La balada del Oeste

Por Inés Molina Navea[*]

Las nubes no son las mismas

ni la ciudad con su aureola

azul y misteriosa sobre las calles

colmadas de luz y abejorros.

Creo que el mundo no está aquí.

En un abrir y cerrar de ojos

el caudal de imágenes se inclina

incomprensible en mis oídos[1].

Con el auge de las tarjetas de visita inventadas por Disdéri a mediados del s. XIX arribaron también, a partir de 1860, vistosos escenarios fotográficos. Uno de ellos, realmente notable, recibió un nombre a su altura: Jardín de Invierno. Discretas plantas de interior que no alcanzaban el metro y medio, y medio muertas, fueron colocadas alrededor de pequeños burgueses –niños, en su mayoría– transportándolos a la plasticidad de la selva. Sin embargo, como la «política espectacular» no tenía los privilegios que tiene la imitación hoy en día («lo verdadero es un momento de lo falso»), la virtualidad de los Jardines de Invierno, o «trópicos acolchados» como los llamó Walter Benjamin a propósito de la fotografía infantil de Kafka, en solo un par de años dejaron de disfrutar del refinado gusto de las altas cúpulas parisinas. Un retrato serial, intercambiable e irreversible, portador de una infinita gradiente de patetismo, poco tenía que ver con la unicidad soberana, actualizada, del espíritu burgués del s. XIX. El verdoso escenario, artificioso, se habría paso en la ciudad como una amargura técnica, capital para los sensibles cerberos de «la esfera de lo intangible y lo imaginario», y bastante menos significante –sino inexistente– para quienes sufrían las expropiaciones que las políticas de modernización de la ciudad imponían (Haussmanización). Solo pasado el siglo fue posible observar que la fotografía y esas mismas políticas de urbanización –que siguen siendo las mismas– coincidían como imagen, pero el mundo ya era otro: tenía un rostro. El mundo mismo adquirió, escribió Kracauer, un «rostro fotográfico», y también, más furibundo, escribió: «aparentemente arrancado de las manos de la muerte, en realidad, ha sucumbido a ella». ¿Pero qué había antes de la fotografía? Otra imagen. Una imagen de algo no vivo. La queja de Kracauer reside en la capacidad atribuida a la fotografía de imitar al viviente como viviendo, en su gerundio. Solo así la fotografía podía abogarse el derecho por lo vivido. Doble peligro: de la imitación (que borra los límites) y del gerundio (que controla la duración).
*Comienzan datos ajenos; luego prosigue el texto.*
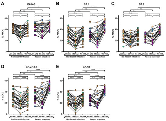 ADCC mediated by plasma from vaccinated individuals presenting a history of recent infection or not. ADCC with the plasmas of non-recently and recently infected individuals was measured four weeks following the third dose (W4-VA3), four months following the third dose (M4-VA3) and four weeks following the fourth dose (W4-VA4) on the cell lines expressing the (A) D614G, (B) BA.1, (C) BA.2, (D) BA.2.12.1 and (E) BA.4/5 Spikes. Circles filled with orange, green, purple or blue represent data points of individuals who received a fourth dose of Pfizer monovalent, Moderna monovalent, Pfizer bivalent or Moderna bivalent vaccine, respectively. Statistical significance between groups (unpaired t-test or Mann–Whitney test) or within groups (paired t-test or Wilcoxon test) was evaluated using the appropriate parametric or non-parametric statistical test based on the normal distribution of the data (n.s.: non-significant; *: p < 0.05; ***: p < 0.001; ****: p < 0.0001).

Los Salones de Arte se llenaron de suspiros por la promesa de vida que concedía el daguerrotipo, una imagen que podía rendirles tributo porque guardaba las distancias, más bien las simulaba, pero para revelarse como simulacro se necesitó una segunda nueva cámara. Gracias a esto, la imagen persiste, insiste, porque el daguerrotipo, siendo otra cosa al presente, ha podido establecer para los suspirantes un vínculo con el tiempo, les ha donado distancia (con Disdéri, con Haussmann), y, más importante, les ha donado la única imagen, que siempre es la última imagen, que podía hacerle frente al desarrollo técnico del s. XX: una humanidad en ruinas. Una estrategia estética para una guerra económica. El asunto es que los suspirantes sabían muy bien que no hay circunscripción, ni acuerdos, ni proyección posible, no hay ley de la casa, no hay policía, sin forma. Sabían, antes del nazismo, que la primera imposición es estética y que es ella la que determina las conjugaciones.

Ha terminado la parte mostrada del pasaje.